分析上面代码可知,Gateway Server创建的任意对象都会携带由服务端生成的唯一的对象id,服务端会将生成的所有对象装在一个Map结构里。当Python客户端需要操纵远程对象时,会将对象id和操纵指令以及参数一起传递到服务端,服务端根据对象id找到对应的对象,然后使用反射方法执行指令。

通过 PySpark源码分析之AM端运行流程(Driver) 我们知道,Spark启动Py4j服务端的类是 org.apache.spark.deploy.PythonRunner ,我们看服务端的源码启动流程如下图:
在这里插入图片描述
如上图,在PythonRunner中初始化gatewayServer后启动一个守护线程用于启动服务,在守护线程中先创建一个sSocket监听端口(传入的端口号为0,则系统会选择一个空闲端口进行监听),选择的端口会传递给Python进程来连接此gatewayServer,然后再新开启一个线程循环接受socket消息,此时服务端就启动完成了。当服务端监听到有socket连接来到时候,通过processSocket(socket)分发处理连接消息,流程如下:
在这里插入图片描述
从上图可以看出,processSocket()函数使用锁保证线程安全,分别对每个socket连接都创建GatewayConnection,在构造函数中重点关注从socket初始化了reader流和writer流,然后在GatewayConnection.startConnection()开辟一个线程处理消息,这样针对每个socket开辟一个线程的方式能够保证了processSocket()线程的并发性。在消息处理过程会根据消息指令选择不同的命令类处理消息,而commands(命令类Map)的构建同样是在创建GatewayConnection时候完成的,如下图:
在这里插入图片描述
我们继续看线程中具体的消息处理过程:
在这里插入图片描述
如上图,在线程中会按行读取指令,根据指令选择对应的命令类进行后续处理(上图右侧是调用ConstructorCommand实例化类的示例),结果返回是在命令类中通过write函数以socket方式返回给Python客户端。

Python客户端

PySpark中Py4j客户端的初始化是在SparkContext构造函数中完成的,初始化流程如下图:
在这里插入图片描述
如上图可知,最终初始化关键代码在_launch_gateway()函数,获取gateway_port端口(运行在Yarn集群上是PythonRunner启动Py4j服务端后把写入到启动Python进程的环境变量中;如果直接本地启动PySpark则会调用命令拉起一个JVM启动Py4j服务端后获得端口),创建JavaGateway网关,然后调用java_import()函数把spark提供的api的package导入,最后赋值给SparkContext的_gateway变量(JavaGateway对象)和_jvm变量(JVMView对象),在PySpark中对JVM的调用实质都是通过_jvm变量来进行的,至此就完成了Py4j客户端的初始化。我们下面先看下如何使用_jvm创建SparkContext对象,如下:

    def _do_init(self, master, appName, sparkHome, pyFiles, environment, batchSize, serializer,
                 conf, jsc, profiler_cls):
        ...
        # Create the Java SparkContext through Py4J
        self._jsc = jsc or self._initialize_context(self._conf._jconf)
        # Reset the SparkConf to the one actually used by the SparkContext in JVM.
        self._conf = SparkConf(_jconf=self._jsc.sc().conf())
        ...
     def _initialize_context(self, jconf):
        """
        Initialize SparkContext in function to allow subclass specific initialization
        """
        return self._jvm.JavaSparkContext(jconf)   
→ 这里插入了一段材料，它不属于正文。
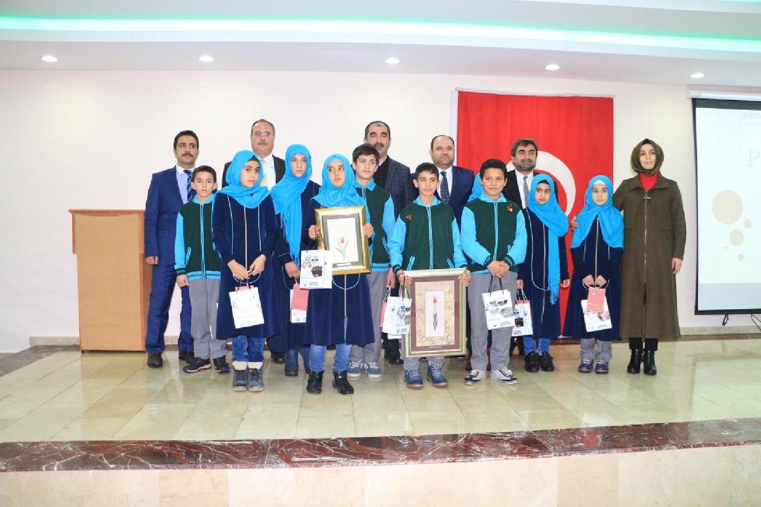 Oldukça çekişmeli geçen yarışmada Mehmetçik İlkokulu öğrencilerinden Evin Aydınay 3., Derviş Ali Yıldırım 2., Abdulvahap Bahar ise 1. oldu. Yarışmanın birincisine yarım altın, ikincisine çeyrek altın, üçüncüsüne de gram altın hediye edildi.
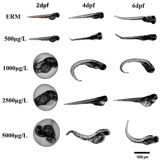 Selected photomicrographs of morphological deformities observed in zebrafish embryos/larvae at 2, 4, and 6 dpf after being exposed to one concentration of 500, 1000, 2500, and 5000 µg/L sulfamethoxazole and ERM (control). The scale bar is 1000 µm. Most of the deformities/malformations were observed at higher concentrations tested. Predominant deformities were yolk sac edema, pericardial effusion, bent tail, and curved spine.
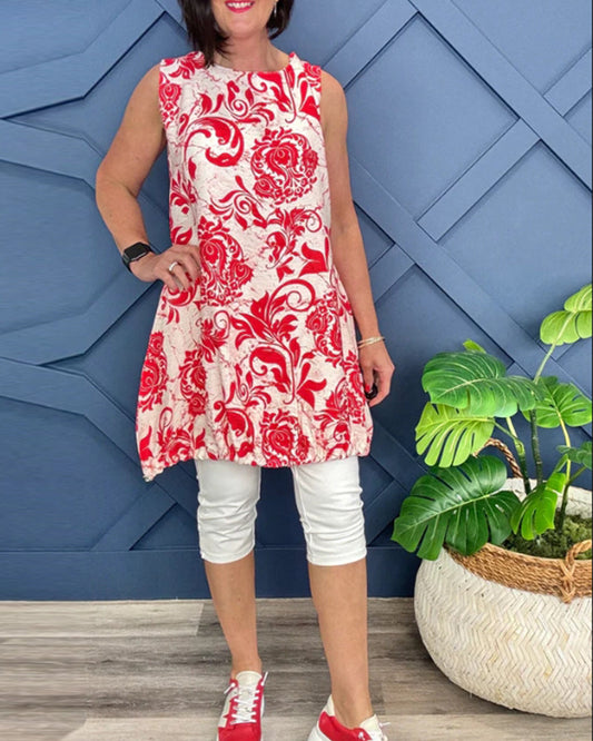 Casual printed sleeveless round neck blouse

上面介绍完了PySpark中Py4j客户端的初始化,下面我们看下客户端调用流程(由于下图已很清晰,不再分析源码,大家可以参照查阅源码):
在这里插入图片描述
说明:

  • 1、Python客户端的源码相对集中,以上流程分析 py4j/java_gateway.py 即可得出。
  • 2、JavaObject是JVM中实例化的对象在Python中的影子(其target_id变量是JVM实例化后对象对象的Key值)。
  • 3、JavaMember是对JavaObject中成员的封装,目前JavaMember只支持函数,不支持变量值(字段)。调用类变量值需创建JavaGateway时候设置gateway = JavaGateway(auto_field=True)(启用后JavaObject.__getattr__()函数会优先调用字段,可能会隐藏同名的类方法),PySpark默认未启用,因此PySpark不支持反射调用类变量。
  • 4、Python通过调用__getattr____call__来实现对Java对象创建、属性访问和方法调用。

编程示例

1、简单示例(一般可用于本地代码调试使用):
1.1、通过entryPoint方式调用
Java服务端

package org.apache.spark.examples;
import py4j.GatewayServer;

public class Py4jTest {

    public String name = "张三";

    public int addition(int first, int second) {
        return first + second;
    }

    public static void main(String[] args) {
        Py4jTest app = new Py4jTest();
        // 如果服务端未设置监听端口,默认是25333
        GatewayServer server = new GatewayServer(app);
        server.start();
    }
}

Python客户端

from py4j.java_gateway import java_import, JavaGateway

# 函数调用
gateway = JavaGateway()
result = gateway.entry_point.addition(1,2)
print(result)  # 输出:3

# 如果需反射获取类字段值,需设置auto_field=True
gateway = JavaGateway(auto_field=True)
name = gateway.entry_point.name
print(name)  # 输出:张三

1.2、通过完全限定名类方式调用
Java服务端

package org.apache.spark.examples;
import py4j.GatewayServer;

public class Py4jTest {

    public String name = "张三";

    public int addition(int first, int second) {
        return first + second;
    }

    public static void main(String[] args) {
        // 如果服务端未设置监听端口,默认是25333;如果通过反射类方式,则无需设置entryPoint
        GatewayServer server = new GatewayServer();
        server.start();
    }
}

Python客户端

from py4j.java_gateway import java_import, JavaGateway

# 如果服务端未设置监听端口,默认是25333
gateway = JavaGateway()

# 1、通过完全限定名反射类
py4jTest = gateway.jvm.org.apache.spark.examples.Py4jTest()
result = py4jTest.addition(1,2)
print(result)  # 输出:3

# 2、通过java_import导入package后反射类
java_import(gateway.jvm, "org.apache.spark.examples.*")
py4jTest = gateway.jvm.Py4jTest()
result = py4jTest.addition(1,2)
print(result)  # 输出:3

2、PySpark示例

from py4j.java_gateway import java_import, JavaGateway
from pyspark.context import SparkContext

sc = SparkContext('local[*]', 'test')
local_dir = sc._jvm.org.apache.spark.util.Utils.getLocalDir(sc._jsc.sc().conf())
print(local_dir)

java_import(sc._jvm, "java.util.*")
random = sc._jvm.Random()
random_num = random.nextInt(100)
print(random_num)

3、PySpark调用自定义jar
Java代码(编译生成包spark-examples_2.11-2.4.3.jar)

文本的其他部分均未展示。